Rating:
# New Vignere
This is a new implementation of the Vignere cipher which involves the `b16_encode`. There is a couple of important aspects to notice and overcome in order to solve this challenge.
## Cryptographic Analysis
### Key Length
Looking at the `b16_encode` function of the program, we can see an vulnerability that allows us to not only determine the key length, also the shift that's done to each key.
If we encrypt all of the characters that could be in the potential flag `abc0123456def789` we see that due to the `b16_encode` function cutting the 8 bit binary data into two pieces, the first part always stays rather consistent where all letters start with `g` and numbers start with `d`.
This means no matter what the key is, which determines the shift, each encrypted chunk has a pattern of only consisting of no more than 2 distinct characters.
Using the key_length script we test out all possible key lengths and redirect that into a text file to analyze and at a key length of `9` we see such pattern.
```text
lejjlnjmj
ndkmjinki
lbmlljjkm
nakmmighh
ocmllojhj
maijpiohn
lojmokjkj
a
```
Notice how the first column only has `l` and `o` on odd positions and the second column only has `d` and `a` on even positions?
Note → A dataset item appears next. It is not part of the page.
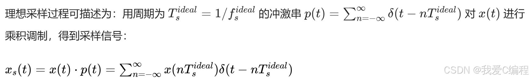 根据奈奎斯特采样定理,对一个最高频率为fm的连续时间信号x(t),理想采样率fsideal 需满足fsideal≥2*fm。

This exactly matches the original `b_16` pattern and we have found our key length.
### Potential Key
To find the potential key, we are able to continue on the vulnerabilyty on the `b_16` function. Since the first column has `l` and `o` we need to find a common shift that makes these two characters into `d` and `g`.
By collecting the characters from each column we get the following result:
```text
col1: 'l','o'
col2: 'd','a'
col3: 'j','m'
col4: 'm','j'
col5: 'l','o'
col6: 'i'
col7: 'j'
col8: 'h','k'
col9: 'j','m'
```
Notice how some columns only have 1 character, that means it's either only digits(`d`) or characters(`g`) thus we need to try both. Looking at the shift algorithm implemented, we could easily reverse the operation knowing the output(`d` or `g`) and 1 input. We do this for each column and by finding the intersection of the two letters, we find a common shift that satisfies both letters thus giving us the key.
### Final Step
Now we have a list of potential keys, we just need to try each key on the ciphertext given then `b16_decode`, whichever decrypted output satisfies the flag format is the final flag.